Share

Bab 3

Author: Angga Pratama
last update Huling Na-update: 2024-05-12 11:50:17

KAU HANCURKAN HATIKU, KUHANCURKAN ISTANAMU #3

“Risa, ini tidak seperti yang kau lihat, aku di jebak dengan perempuan itu. Kau dengar sendiri, dia sudah membuat resah warga kampung ini karena kelakuannya.” Mas Azzam melangkah mendekat, ia masih saja mengucapkan kalimat untuk membela diri dan menutupi kesalahannya.

“Halah, gak ada zamannya di jebak. Gak usah percaya, mbak,” seru salah satu seorang warga dari belakang.

“Bener, perempuan sama jantannya sama aja. Menjijikkan sekali,” sahut yang lainnya.

Aku masih berusaha setenang mungkin, tidak ingin memperlihatkan rasa cemburu dan amarah yang sudah menggelegak dan siap tumpah seperti lahar panas dari dalam kepala ini.

“Risa, jangan dengarkan mereka. Kau lebih mengenal aku, jangan percaya apa kata-kata mereka.” Mas Azzam berusaha meraih tanganku, akan tetapi aku segera menghindarinya. Sudah jelas terlihat nyata apa yang mereka lakukan masih saja ia mencari alasan.

“Sudah cukup, mas. Jangan sentuh aku.” Tegas, aku beringsut mundur menjauhinya, mengabaikan apa yang diucapkan mas Azzam. Namun dari kejauhan aku melihat senyum puas dari wanita bernama Imas itu.

“Pak RT dan warga, saya serahkan mereka pada kalian semua, terserah mau di apain. Saya sudah tidak peduli lagi,” ucapku dengan lantang, dadaku terasa begitu sakit sekali, dan terasa semakin sempit dan sesak.

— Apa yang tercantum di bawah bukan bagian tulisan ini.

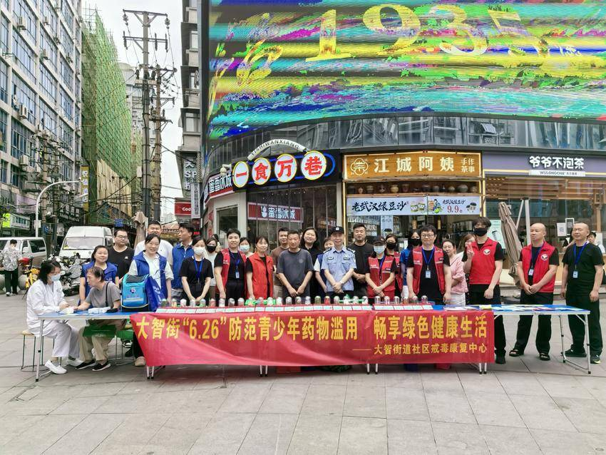 大智街道联合区科协、街道派出所、司法所、市场所、社区卫生院、戒毒康复中心,在江汉路步行街商业广场举办“6.26防范青少年药物滥用 畅享绿色健康生活”禁毒宣传活动。通过现场展示毒品模型、发放宣传资料,使来往居民更加了解日常生活中毒品的危害,让拒毒、防毒意识深入人心。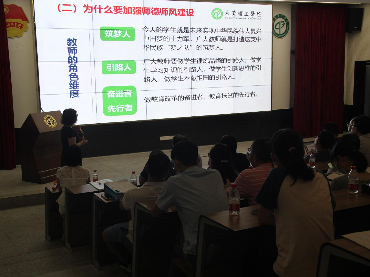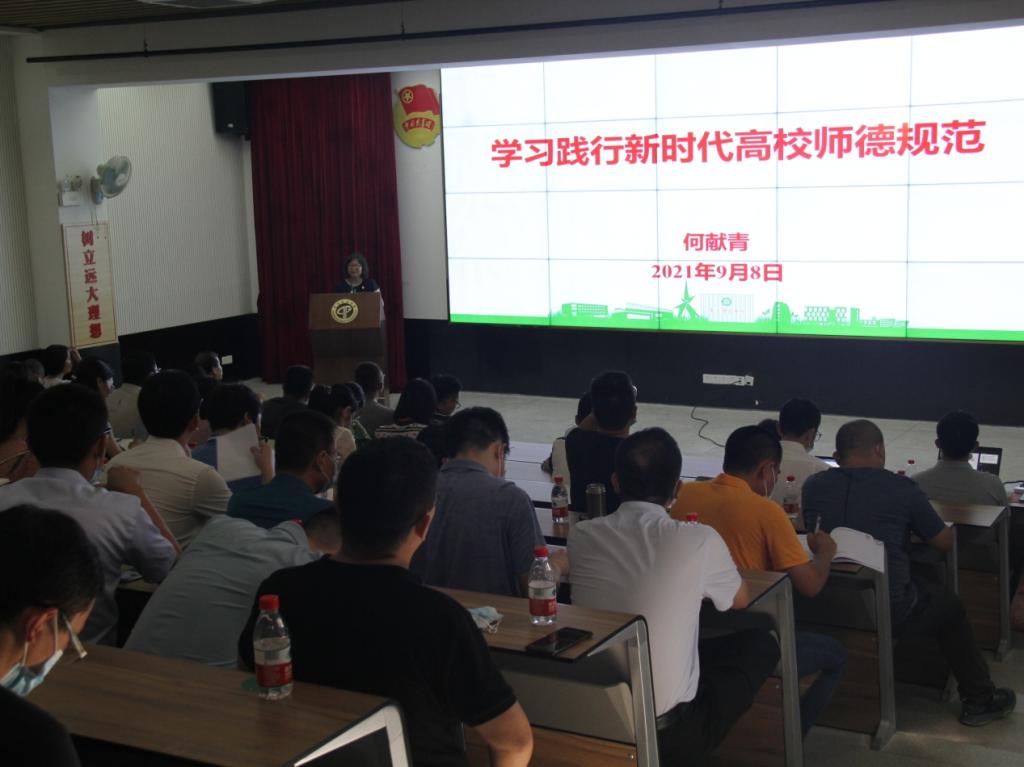 党委教师工作部部长、机关第四党支部书记何献青做了“学习践行新时代高校师德规范”的主题讲座。何献青带领大家深入学习了习近平总书记关于师德师风的论述,以校内外师德失范案例开展警示教育,带领大家共同学习新时代高校教师职业行为十项准则,筑牢思想防线。

“Risa! Clarissa! Tunggu aku, dengarkan penjelasanku, Ris!” Masih terdengar suara pekikan mas Azzam, akan tetapi aku tetap melangkah gontai menuju keluar rumah.

“Arak saja keliling kampung!”

“Ya betul, telanjangi.”

Suara para warga dan mas Azzam masih saja terdengar, aku rasanya sudah tidak lagi sanggup untuk berada di sini. Aku sengaja langsung menuju ke rumah pak RT.

“Mbak jangan menangisi laki-laki seperti itu, Allah sudah membuka jalan agar mbak mengetahui sifat buruk suami mbak, jika tidak. Maka mereka akan seperti ini terus, mencurangi mbak sepanjang pernikahan kalian.” Bu RT mengelus punggungku dengan lembut, wajar aku menangis. Selama dalam pernikahan, aku tidak pernah menuntut apapun pada mas Azzam. Tetapi dia tega menusukku dari belakang seperti ini, dan itu rasanya sakit sekali.

“Padahal kami tidak pernah ribut, aku selalu mengalah dan mengikuti apa kemauannya. Aku tidak suka ribut-ribut, apalagi anak-anak sudah mulai mengerti.” Aku tergugu, tidak bisa lagi menahan airmata yang kini sudah membanjiri kedua netra.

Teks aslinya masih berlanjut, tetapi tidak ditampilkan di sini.